The lines to retype run from the one containing "Polifarbe Platinum színes" through the end of the listing below. Reproduce them exactly, leaving out pictures.

[Data provided]
────────────────────────────────────────

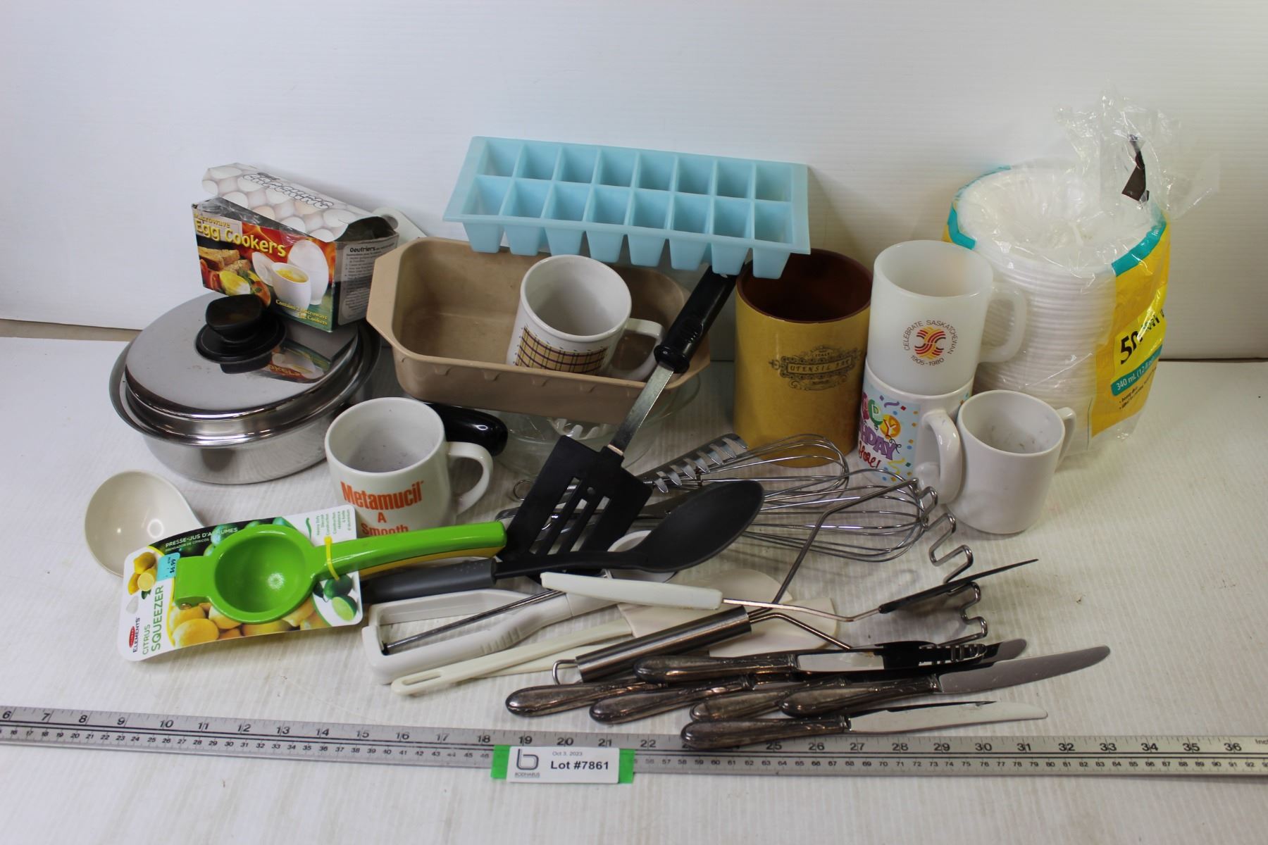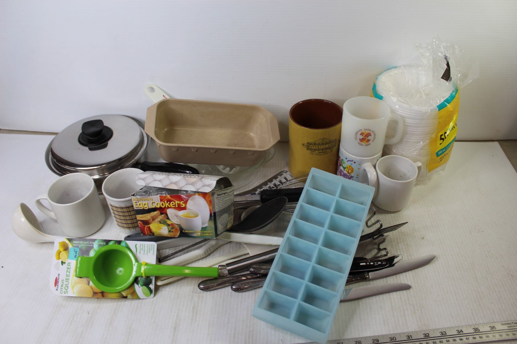 Assorted Kitchen Items- Foam Plates, Cups , Utensils - Misc
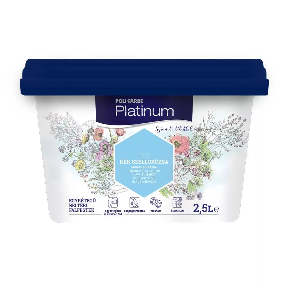 Polifarbe Platinum színes beltéri falfesték kék szellőrózsa színben 2,5l
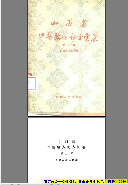 中医验方秘方汇集本站专注中医资源,涵盖视频,音频,电子文档等等等……关注微信公众号【QHBK66】,回复对应编码,获网盘下载地址。 更多中医视频,音频,电子书等《中医超级资源库》目录,查看网址:https://qr09.cn/FDjI4p

────────────────────────────────────────

[Reply to the task]
 Polifarbe Platinum színes beltéri falfesték kék szellőrózsa színben 2,5l
 中医验方秘方汇集本站专注中医资源,涵盖视频,音频,电子文档等等等……关注微信公众号【QHBK66】,回复对应编码,获网盘下载地址。 更多中医视频,音频,电子书等《中医超级资源库》目录,查看网址:https://qr09.cn/FDjI4p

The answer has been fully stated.